Я говорил с сестрой по телефону и представлял, как она сидит за письменным столом у окна своей комнаты в Акакаве, как лучи солнца проникают сквозь занавеску и бросают каштановые блики на ее длинные темные волосы. Она задавала мне вопрос за вопросом, а я просто бубнил односложные ответы, мечтая поскорее закончить наш разговор. Но потом, прямо на моих глазах, она рассыпалась и превратилась в прах.
Я проснулся в черном седане; этот сон мог легко выскользнуть из моей памяти, если бы у меня на коленях не стояла белая фарфоровая урна с изображенными на ней хризантемами и летящей кукушкой. В урне был прах моей сестры, Кеико Ишиды, которой на момент смерти было всего тридцать три года.
– Еще долго ехать? – спросил я, ослабив галстук.
– Мы почти на месте, – ответил Хонда.
– Может, включишь музыку?
– Конечно, – ответил он и щелкнул клавишей.
По радио зазвучала «Summertime» Билли Холидей.
Для раннего пятничного вечера поездка шла гладко.

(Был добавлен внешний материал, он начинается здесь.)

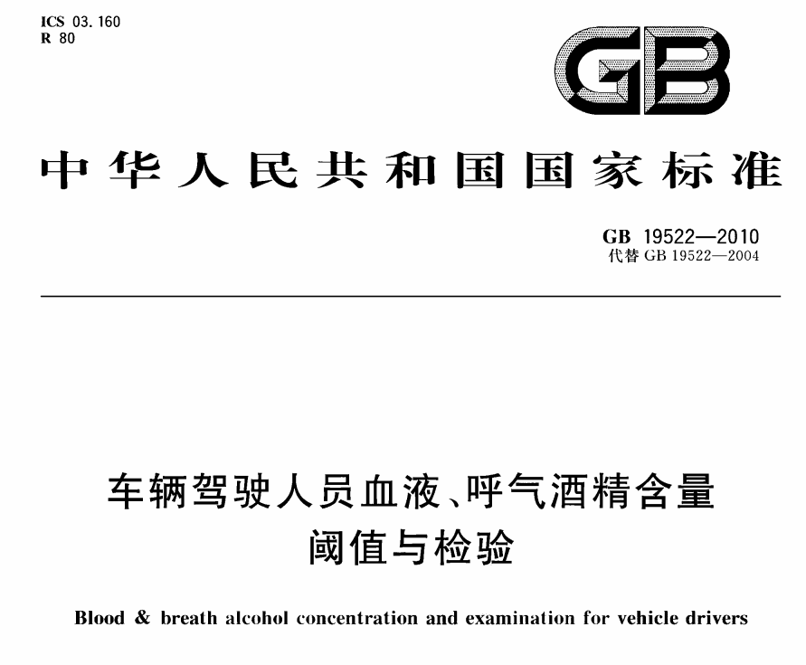 GB 19522-2010 車輛駕駛?cè)藛T血液、呼氣酒精含量閾值與檢驗(yàn) 中華人民共和國(guó)國(guó)家標(biāo)準(zhǔn)——車輛駕駛?cè)藛T血液、呼氣酒精含量閾值與檢驗(yàn)標(biāo)準(zhǔn)(由國(guó)家公安部提出,國(guó)家質(zhì)量監(jiān)... 更新日期:2020-05-09 下載包(1)

Солнце висело еще высоко, впереди не было видно пробок. Даже музыка располагала к релаксу, под такую хочется барабанить пальцами, отбивая ритм.
Мои пальцы невольно стиснули гладкие стенки урны, похожей на невысокую цилиндрическую вазу. Хонда бросил на меня быстрый взгляд и снова направил свое внимание на дорогу.

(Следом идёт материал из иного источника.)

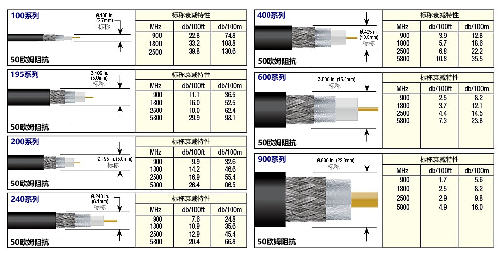 以下为常用低损耗同轴线缆的比较图表:
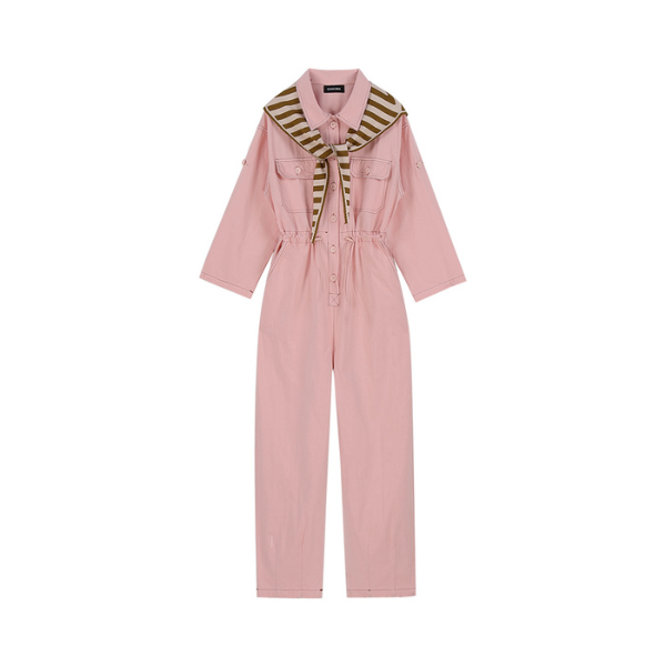 ハンサムなジャンプスーツを甘いピンクでバランス良く仕上げた一着。

– Кеико любила джаз, – сказал он.
Я кивнул, не в силах вымолвить ни слова. Ее коллекция, маленькая стопка кассет – что теперь будет с ними?
– Забавно, но она не могла назвать практически ни одного джазового музыканта, – продолжал Хонда.
Я кашлянул.
– Не обязательно быть эрудитом, чтобы ценить джаз.
– Верно сказано, Ишида.
Вообще-то эти слова когда-то сказала мне по телефону сестра.

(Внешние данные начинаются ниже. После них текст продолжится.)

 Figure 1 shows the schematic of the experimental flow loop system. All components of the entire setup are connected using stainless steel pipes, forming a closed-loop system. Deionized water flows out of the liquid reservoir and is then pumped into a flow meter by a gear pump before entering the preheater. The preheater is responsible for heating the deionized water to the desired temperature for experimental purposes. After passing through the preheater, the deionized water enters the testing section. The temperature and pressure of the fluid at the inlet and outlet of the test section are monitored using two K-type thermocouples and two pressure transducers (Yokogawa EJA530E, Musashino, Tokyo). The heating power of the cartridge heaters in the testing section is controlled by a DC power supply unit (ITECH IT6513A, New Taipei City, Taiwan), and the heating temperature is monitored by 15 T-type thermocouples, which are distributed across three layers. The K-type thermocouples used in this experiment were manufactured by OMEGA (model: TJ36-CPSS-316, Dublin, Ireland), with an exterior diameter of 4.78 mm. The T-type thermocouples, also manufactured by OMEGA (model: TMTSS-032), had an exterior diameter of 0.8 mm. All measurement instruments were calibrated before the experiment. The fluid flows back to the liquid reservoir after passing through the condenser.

Я живо представил, как она сидела за письменным столом, как ее рука теребила телефонный шнур. С самоуверенной улыбкой она пробормотала:
– Не обязательно быть эрудитом, чтобы ценить джаз.
Странно, что эта картинка врезалась в мой мозг, хотя я никогда не видел комнату сестры – даже не представлял себе, как она выглядела.
– Все, приехали, – сообщил Хонда, когда автомобиль остановился возле отеля «Кацураги».
– Спасибо, что помог устроить поминки, – поблагодарил я.
– Не стоит благодарности. Когда-то Кеико много сделала для меня.
Я кивнул и вылез из машины, сжимая урну. Я уже входил в отель, когда услышал за спиной голос Хонды:
– Ишида!
Я обернулся. Хонда опустил стекло.
– Что ты собираешься делать с… – Он почесал в затылке и взглянул на урну.
– Еще не решил.
– Если хочешь рассеять пепел над морем, мы можем обратиться к работникам крематория. Они возьмут недорого.
– Нет, не годится, – возразил я. – Сестра боялась воды. Она не умела плавать.
Хонда и моя сестра вместе преподавали в школе экстерна[1]. Это он заказал для меня номер в отеле.
– С мебелью там очень скромно, но зато отель дешевый и вполне приличный, – сообщил Хонда, и это описание было абсолютно точным. Широкая кровать, маленький телевизор, гардероб, туалетный столик со стулом – вот и все. Мебель старая, но сносная. Сравнительно чисто, хотя присутствовал затхлый запашок. При номере – ванная комната.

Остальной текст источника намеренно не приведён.